# How do i save as JPG in photoshop ?



## john1 (Nov 25, 2000)

Hi,

I have tried so many times, that i now think it cant be done.
Now thinking that maybe Photoshop doesn't do JPGs,
maybe it relies on the PC to do the JPG.

I am new to this stuff, and i keep thinking that SURELY
photoshop can save images as JPGs,
but if so i cant see how to do it.

I can save images from my scanner using Photoshop as BMPs,
but so far i cant see how to save as JPGs.

Any help with this would be appreciated ... John


----------



## Hughv (Jul 22, 2006)

In the "Save As" dialog box change the "Format" option to jpg.
"Save for Web" also has a jpg option.


----------



## colinsp (Sep 5, 2007)

If your image is 16 bit the save as jpg option is greyed out. The first thing to do is go to image; mode; and then change to 8 bits channel then go to file; save as; and change the format to jpg. You then get a dialog box asking for the quality. The disadvantage of the 'save for web' option is that you loose all the photos EXIF data.


----------



## john1 (Nov 25, 2000)

Hi Hughv, Hi colinsp,

Thank you both for your replies.

HUGH,
I had already tried the jpeg(jpg, jpe) choice in the 'Save As' dialogue box, but i could not get any JPGs saved to show themselves as pictures.
BMPs however, work alright as mentioned.

COLIN,
It is already on the 8-bits per channel mode, and thanks for directing me to that part.
I also spent some time reading on-line about the 'EXIF' data.
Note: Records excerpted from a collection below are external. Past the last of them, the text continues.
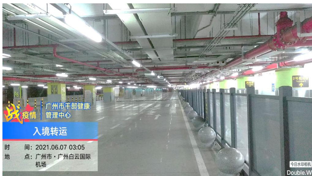
凌晨的白云国际机场

说起这次支援机场防控专班工作，他依然激情满怀，“2020年新冠肺炎疫情发生至今，耳闻目睹了抗疫一线那么多感人事迹，尤其是广大疫情防控一线工作者作出的巨大牺牲，内心触动很大！作为一名共产党员，能参加白云机场疫情防控专班任务，实现了我上‘前线’为祖国出一份力的愿望！”
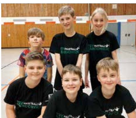
TSV Bardowick - 5. Platz.
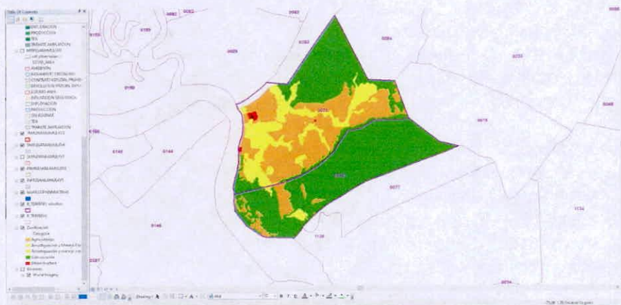
Tabla de áreas de zonificación.
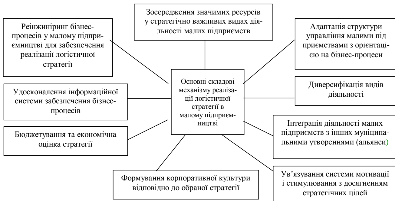
Рис. 1. Механізми реалізації логістичної стратегії в малому підприємстві муніципальних утворень.

Як відомо, у процесі господарської діяльності малі підприємства взаємодіють із різними суб'єктами ринкової інфраструктури, що забезпечують їх тими чи іншими ресурсами або надають послуги, зокрема з постачальниками техніки, обладнання, логістичними центрами і складськими комплексами, страховими, лізинговими, фінансовими компаніями, банками. Логістичний підхід дає змогу розробити чітку й однозначну стратегію досягнення головної мети і визначити ефективність функціонування кожного суб'єкта в системі малого підприємництва відповідно до обраної стратегії [2, 27]. Основні труднощі полягають в узгодженні локальних цілей і завдань окремого малого підприємства з глобальнішою метою муніципальних органів управління. Крім того, треба брати до уваги, що в кожній ланці логістичної системи діють і трансформуються певні ринкові відносини, які можна розподілити на кооперацію, конфлікти та конкуренцію [8].
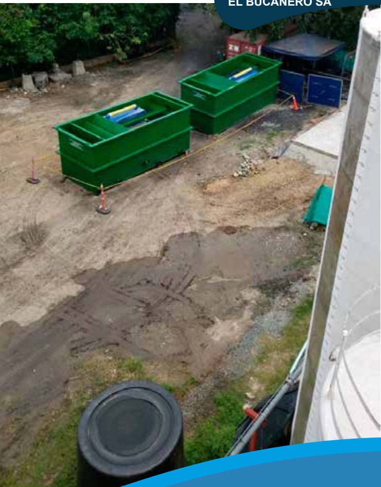
CARGILL - POLLOS EL BUCANERO SA

Suministro de Floculador Sedimentador para 50 lps.
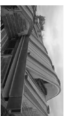
foto d'exterior, Milanesa, Pedras
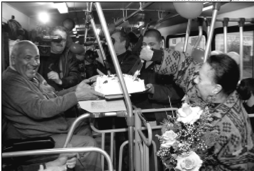
Desde 1994, Melancia (E) organiza festas de aniversário para os passageiros
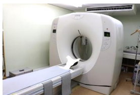
脳や頭部、胸部や腹部の疾患など全身の診断が可能なマルチスライスCTスキャナを設置
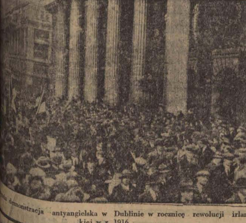
demonstracja antyangielska w Dublinie w rocznicę rewolucji irlandzkiej w r. 1916.
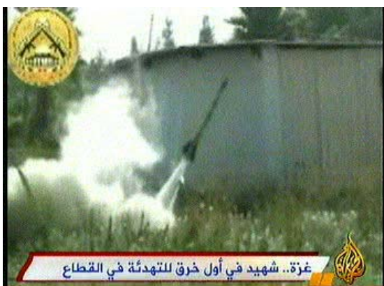
ירי רקטות של פת"ח/גדודי חללי אלאקצא (אלג'זירה, 10 ביולי)

I did not know that this existed, but now that i do i will probably get one of those little 'Exif reader' programs which can display the Exif data to the user. My main interest in that would be the date and time, as with many of my earlier photos i did not bother to include this in the picture. Whether or not that data will still be available after various copies and moving of picture files around i dont know.
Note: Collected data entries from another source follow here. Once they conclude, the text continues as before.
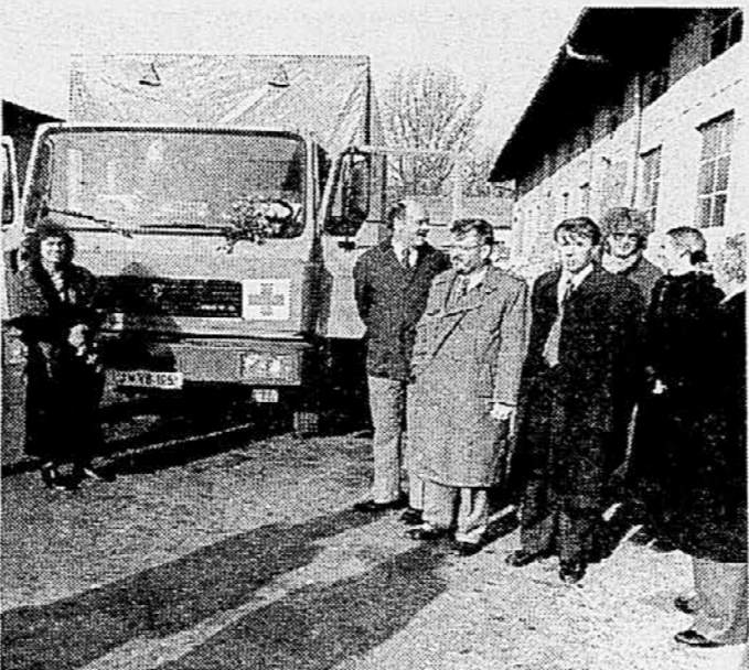
Tovornjak za prevoz pomoči beguncem iz BiH

Voljna poslanske skupine Zdrženice liste Miran Potrč je niti daljeznose posledice. Povedal je, da so člani SKD spora-
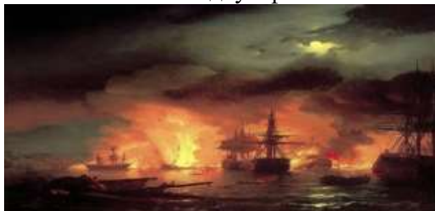
Чесменское сражение. Художник И. К. Айвазовский
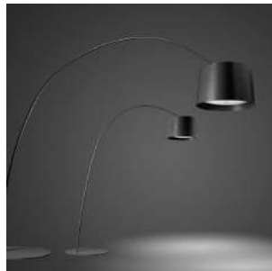
Twice as Twiggy
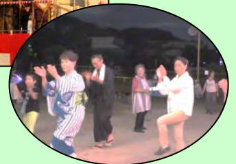
夜遅くまで盆踊りが続きました
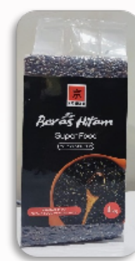
KYOHIKARI BLACK RICE 1KG
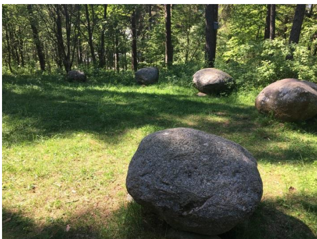
Kungshögarna i Mjölby. Ett gravfält från järnåldern.

Kyrkoguidningar i kyrkor som inte guidats så ofta, Skänninge marknads historia, Lunds backe och Öjebro har lockat flest besökare. (2016 30st. 2017 51st.)
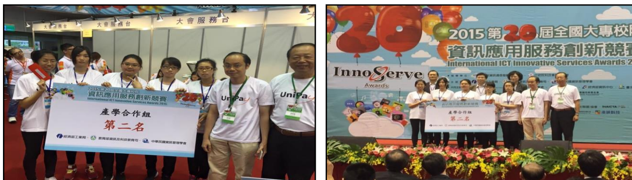
圖 2-1 學生參與相關競賽照片(2015 資訊應用服務創新競賽)

本系持續宣導並積極鼓勵日夜間部各學制的學生，能夠多多參與全國資訊服務創新競賽、大專校院資管專題競賽、全國華陀盃網路技能競賽、行政院金盾盃資安競賽、教育部程式設計競賽等全國性資訊專業競賽活動。藉由參與競賽的過程與歷練，驗證平日所學與提昇實務方面的應用能力。本系學生參與相關競賽如圖 2-1 所示。
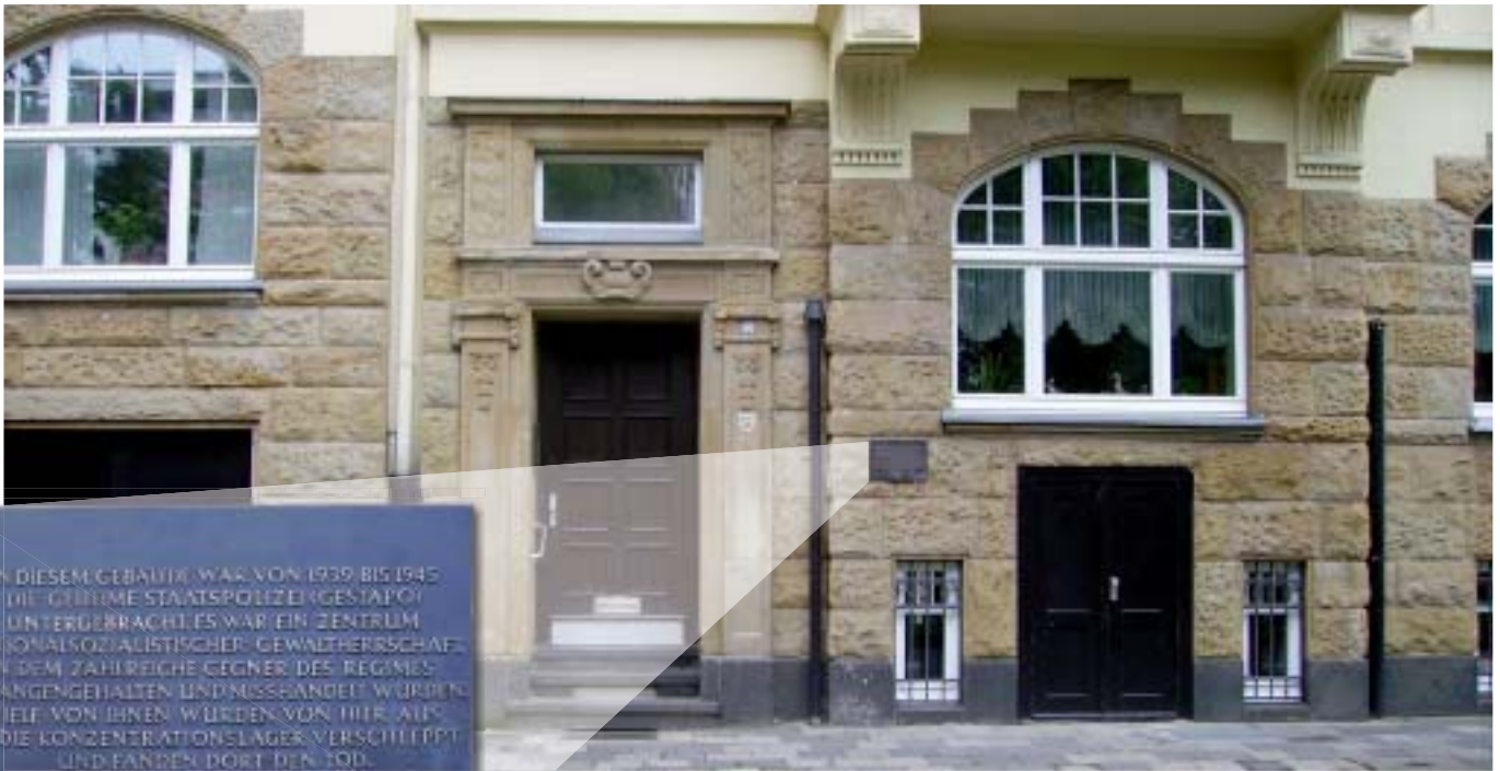
Eine Gedenktafel an Haus Nr. 96 der Düsseldorfer Prinz Georg Straße erinnert an das Grauen hinter schönen Hausfassaden: Hier befand sich das Gestapo-Hauptquartier, in dem zahlreiche Opfer gequält und von hier aus in den Tod in einem Konzentrationslager geschickt wurden.

und Kontrolle der westlichen Reichsgrenze gegenüber den Niederlanden, Belgien und Luxemburg, eine wichtige Rolle, da es hier galt, sowohl Fluchtbewegungen aus dem Reich als auch die Infiltration ausländischer Agenten zu verhindern.
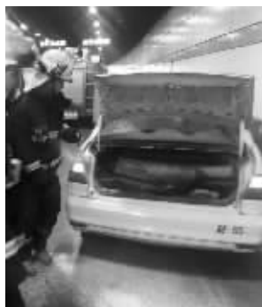
自燃的出租车后备箱里有一个气罐

快报讯(记者 李宇龙)昨天中午11点40分左右,在龙蟠中路通济门隧道内,一辆由北向南行驶的出租车后侧底盘突然冒出火苗。“看到后面冒烟我就赶紧把车靠边停下了。”的哥吴师傅说,他赶紧从车上拿出灭火器灭火。路过的出租车司机也停车帮忙灭火,在众人帮助下,火被扑灭。

However this problem turned out to have a very simple answer. This particular machine is not really used for an internet conection, it job is mainly for my scanner, although it has an ethernet connection on my little lan.
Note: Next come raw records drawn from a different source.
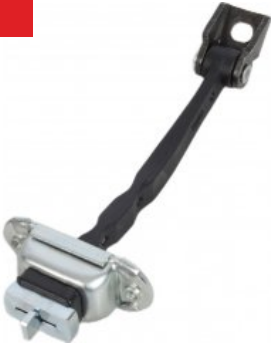
Oe Ref: 1Z0 837 249D 1Z0 837 249B DOOR CHECK STRAP OCTAVIA II ( 2005 - 2013 ) FRONT RIGHT , FRONT LEFT
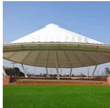
「スマイル・パーク」のステージおよび遊具一例

また、「スマイル・パーク」を起点とした約800mのウォーキングロード「グリーン・ウォーク」では、季節ごとに表情を変える樹々や草花と触れ合いながら、すがすがしい気持ちでジョギングや散歩を楽しんでいただけます。桜等、四季を感じていただける樹木・植物を植える等、ベンチでお休みいただける休憩スペース「さくらデッキ」も用意し、地域のお客様に健康と癒しをご提供いたします。
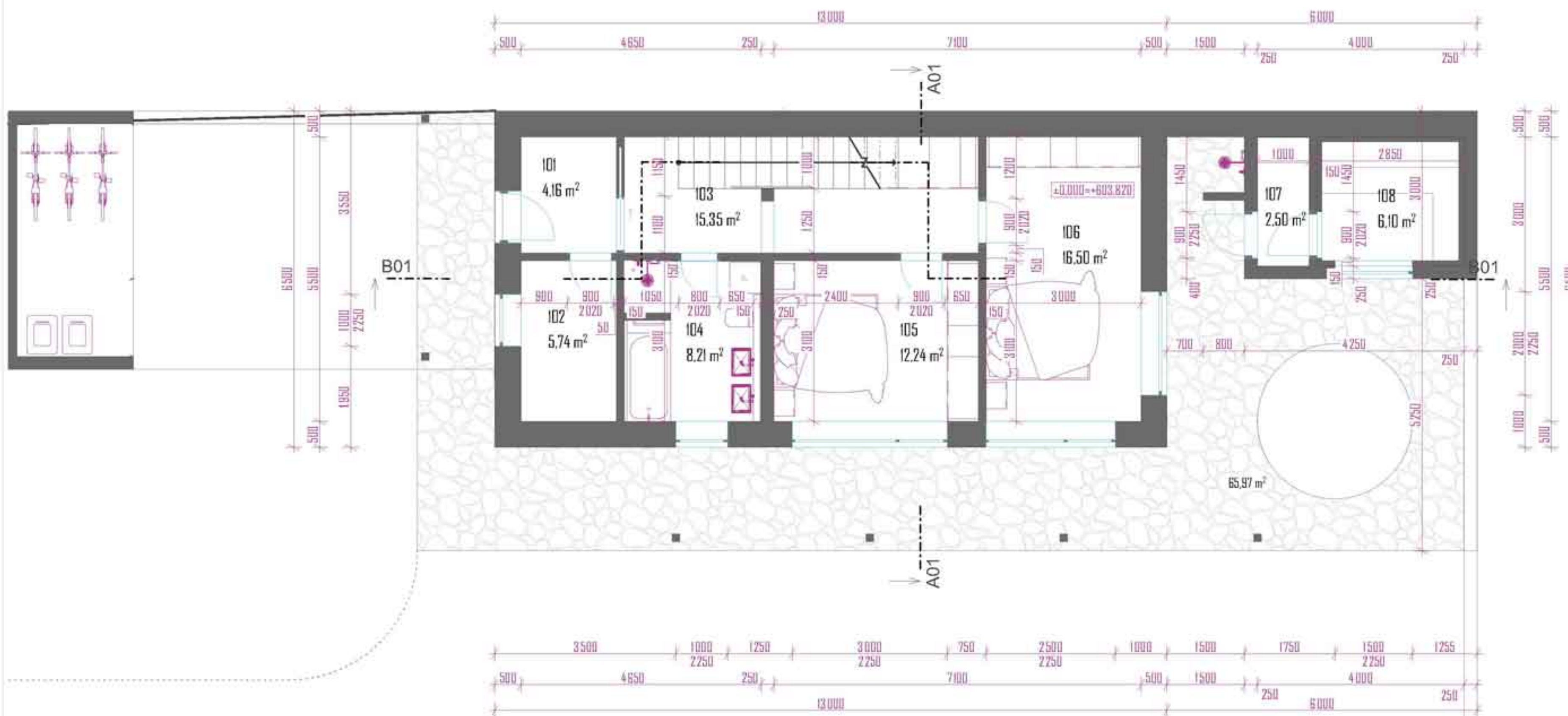
TABULKA MÍSTNOSTÍ I.NP (DŮM 01)
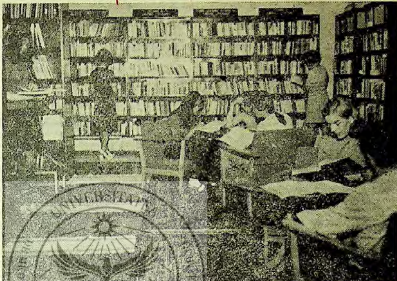
Biblioteca județeană Suceava
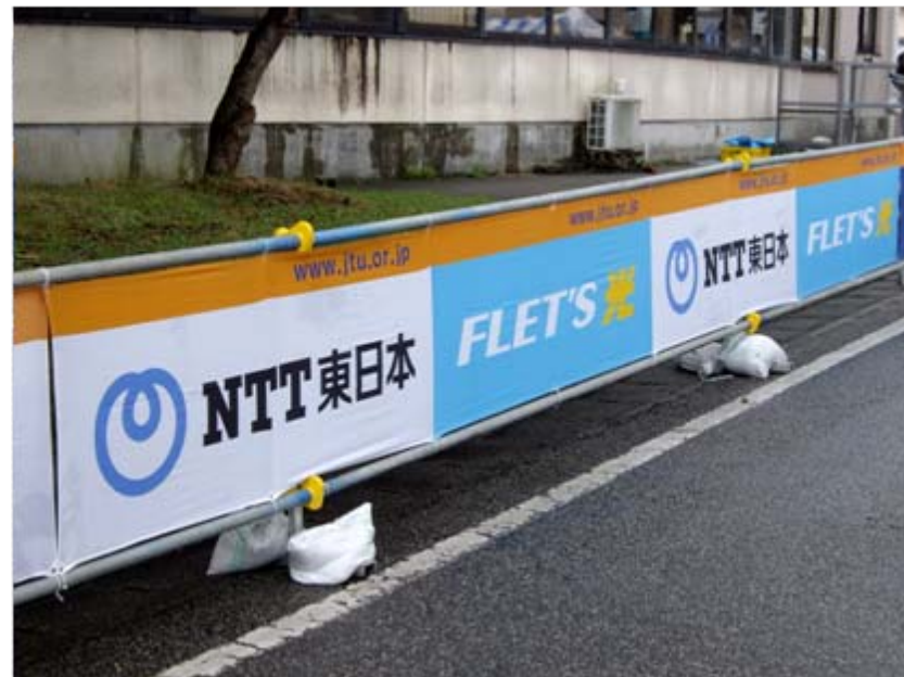
アドバナー:NTT東日本
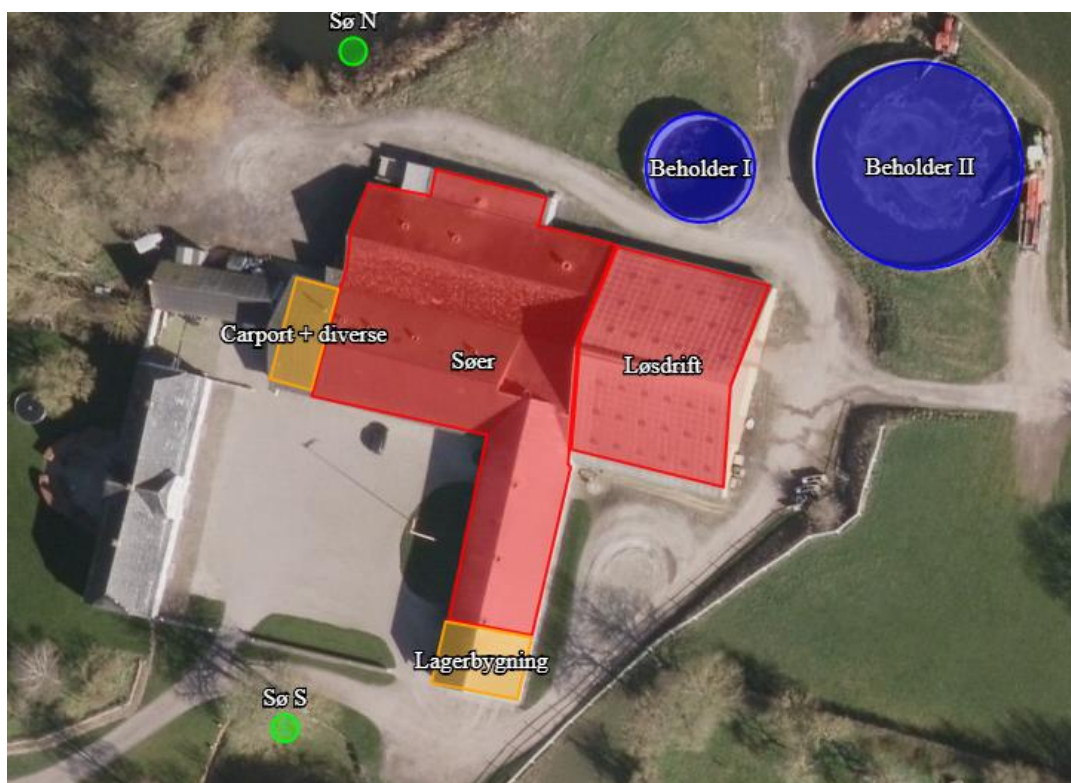
Figur 1: Oversigt over produktionsareal og dyrenes placering på Egerupvej 8, 5610 Assens.

Der er søgt om miljøtilladelse til det eksisterende produktionsareal.

The 'display pictures' option in the browser settings was not ticked.

This meant that the PC would not display JPEGs.
I blame myself entirely for this, the machine is old and not fast, this was done a while ago to improve internet access speed, and to ignore picture advertising.

"Internet Options, Advanced, Show Pictures" is now ticked, and so far all is well.

Thanks again, John


----------



## colinsp (Sep 5, 2007)

John

No problem I am glad that you got it sorted. One of the best programmes for viewing EXIF data IMHO is Photome it is a free application and it allows the editing as well as viewing of the exif data and it has some limited image editing facilities too.


----------



## john1 (Nov 25, 2000)

Hi Colin,

I have downloaded 'Photome', it certainly showed up a lot of info that i did not expect.
It will take me a while to get used to it.

Thanks, John


----------